A campaign for a Memorial Hall tribute to Harvard students who died fighting for the Confederacy in the Civil War may finally be taking shape.
A Harvard graduate and a graduate student are joining a long-standing call by Plummer Professor of Christian Morals Peter J. Gomes and Pope Professor Latin Language and Literature Emeritus Mason Hammond '25 for some form of memorial to the 64 Harvard men who died wearing gray rather than blue.
With the planned $50 million renovation of Memorial Hall, Schuyler Hollingsworth '40 said he thought this might be a good time to add a memorial to Confederate soldiers somewhere in the hall, which contains a list of Harvard students who died fighting on the Union side.

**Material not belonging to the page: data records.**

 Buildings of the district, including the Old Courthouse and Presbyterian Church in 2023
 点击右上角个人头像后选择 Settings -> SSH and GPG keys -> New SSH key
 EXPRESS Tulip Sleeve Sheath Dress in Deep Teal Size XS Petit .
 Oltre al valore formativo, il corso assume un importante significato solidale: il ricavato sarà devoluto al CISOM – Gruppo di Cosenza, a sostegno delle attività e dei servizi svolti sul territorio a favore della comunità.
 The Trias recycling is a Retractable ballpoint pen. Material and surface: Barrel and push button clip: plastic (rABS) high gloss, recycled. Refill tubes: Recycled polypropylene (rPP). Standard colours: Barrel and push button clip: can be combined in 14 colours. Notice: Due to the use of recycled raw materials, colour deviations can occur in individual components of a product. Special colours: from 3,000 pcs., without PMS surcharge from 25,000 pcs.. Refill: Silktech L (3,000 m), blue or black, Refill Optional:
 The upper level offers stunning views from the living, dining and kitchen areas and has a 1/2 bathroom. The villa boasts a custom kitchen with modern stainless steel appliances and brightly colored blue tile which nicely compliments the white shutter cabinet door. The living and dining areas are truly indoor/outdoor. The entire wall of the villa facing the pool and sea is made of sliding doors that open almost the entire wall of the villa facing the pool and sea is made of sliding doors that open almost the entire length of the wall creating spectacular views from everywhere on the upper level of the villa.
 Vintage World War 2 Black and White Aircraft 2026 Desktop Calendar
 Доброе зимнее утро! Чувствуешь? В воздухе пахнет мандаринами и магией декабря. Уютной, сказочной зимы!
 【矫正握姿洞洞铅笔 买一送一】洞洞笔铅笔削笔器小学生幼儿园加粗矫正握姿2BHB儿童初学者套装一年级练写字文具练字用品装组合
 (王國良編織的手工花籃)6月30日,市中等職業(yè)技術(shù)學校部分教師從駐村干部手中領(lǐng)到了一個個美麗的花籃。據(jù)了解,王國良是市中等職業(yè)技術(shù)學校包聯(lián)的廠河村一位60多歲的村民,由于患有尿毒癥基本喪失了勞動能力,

After all, Hollingsworth said Memorial Church mentions Harvard graduates who died on the other side of both World War I and II--the former with a plaque, the latter with fine print next to their names on the wall.

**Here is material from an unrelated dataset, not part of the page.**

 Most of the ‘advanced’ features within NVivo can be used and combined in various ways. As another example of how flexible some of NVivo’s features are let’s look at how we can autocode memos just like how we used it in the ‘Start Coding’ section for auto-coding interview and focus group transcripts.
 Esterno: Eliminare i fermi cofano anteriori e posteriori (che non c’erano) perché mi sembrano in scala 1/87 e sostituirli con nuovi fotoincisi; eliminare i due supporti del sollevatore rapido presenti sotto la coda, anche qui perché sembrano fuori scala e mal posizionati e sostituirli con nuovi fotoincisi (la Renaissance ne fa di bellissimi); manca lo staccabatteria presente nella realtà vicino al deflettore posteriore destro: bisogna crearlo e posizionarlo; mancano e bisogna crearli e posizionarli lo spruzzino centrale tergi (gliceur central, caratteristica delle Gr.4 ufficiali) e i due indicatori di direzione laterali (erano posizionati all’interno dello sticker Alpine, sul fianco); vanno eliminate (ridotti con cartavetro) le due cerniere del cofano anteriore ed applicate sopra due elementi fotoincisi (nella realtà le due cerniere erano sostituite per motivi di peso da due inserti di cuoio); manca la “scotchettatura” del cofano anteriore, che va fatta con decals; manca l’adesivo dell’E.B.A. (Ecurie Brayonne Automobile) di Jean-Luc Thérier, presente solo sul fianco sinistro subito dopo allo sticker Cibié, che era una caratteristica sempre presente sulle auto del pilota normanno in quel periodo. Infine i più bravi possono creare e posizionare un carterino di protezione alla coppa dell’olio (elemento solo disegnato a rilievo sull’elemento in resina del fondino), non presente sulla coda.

But funding for Memorial Hall, built more than 125 years ago, came from a Harvard alumnus who specified that only the names of the Union dead should go on the wall.

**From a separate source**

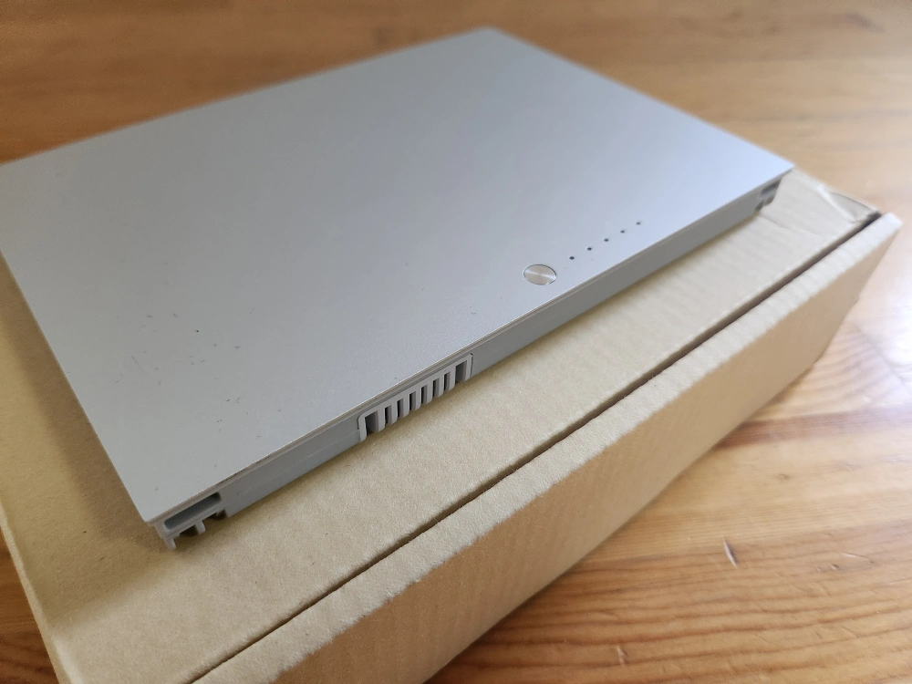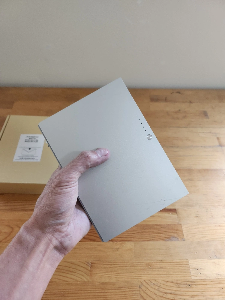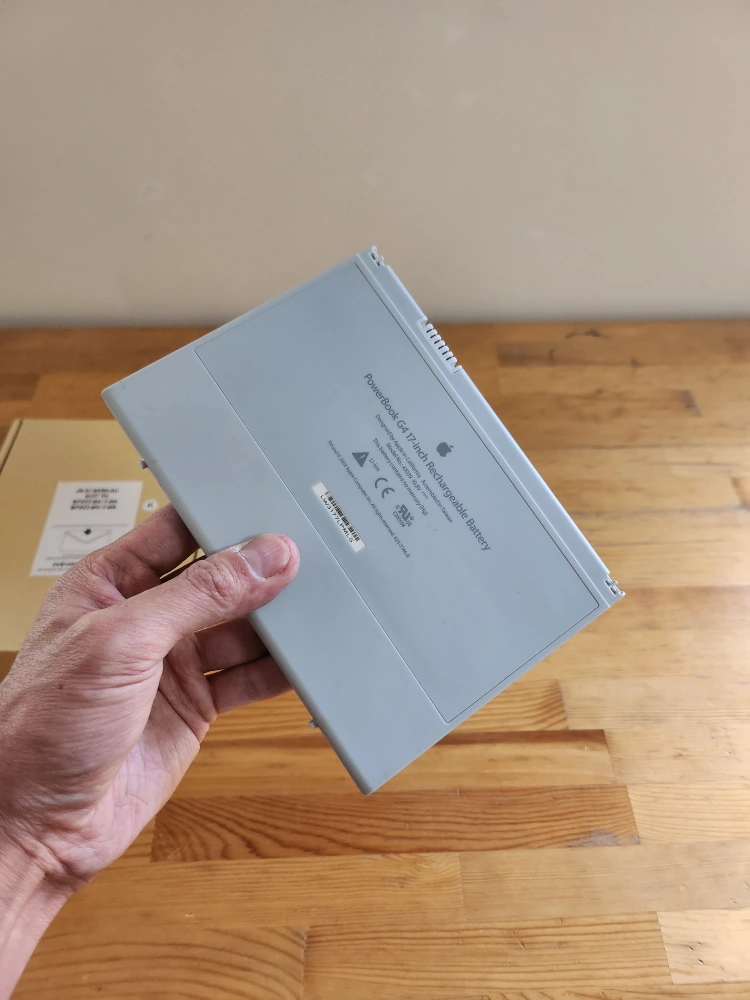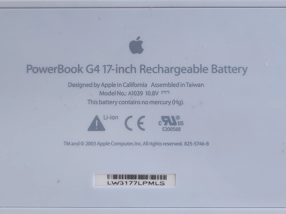 Apple PowerBook G4 17-inch rechargeable battery. Great to have in a pinch if your experiencing low battery and have no outlet nearby! The box is included. Model No.: A1039 10.8V.
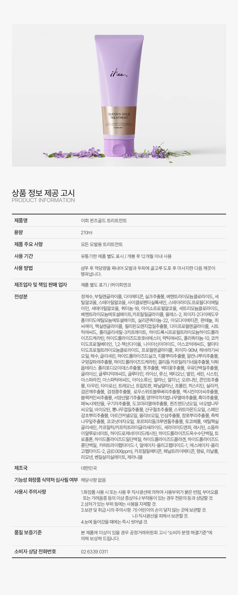 [ihee] 이희 퀸즈골드 트리트먼트210ml

Hollingsworth, a former recording secretary of the University, said he first became interested in the matter when he served as executive director of the Harvard College Fund.
A few years ago, Hollingsworth started a Civil War fund for all Harvard graduates who died in the war. "I thought it would stimulate thought," he said. "A little over $15,000 has come in."
He has written to President Neil L. Rudenstine and to the Harvard Alumni Association about the issue, he said. Hollingsworth said he thinks the association's executive council is considering the matter.
"I don't think this is in any way a slight to anyone and I hope it wouldn't be considered as such," said Hollingsworth.
C. Denver Mullican, a Kennedy School student who has become involved in the effort, said he thinks the exclusion of Confederates cannot be justified if those who served the Kaiser and the Nazis are receiving commemoration.
"This is how Harvard treats people who use poison gas. This is how Harvard treats people who serve under Nazis," says Mullican. "Yet [the actions] of the Confederate soldiers are deemed by Harvard to be so heinous that they are excluded from University memory forever."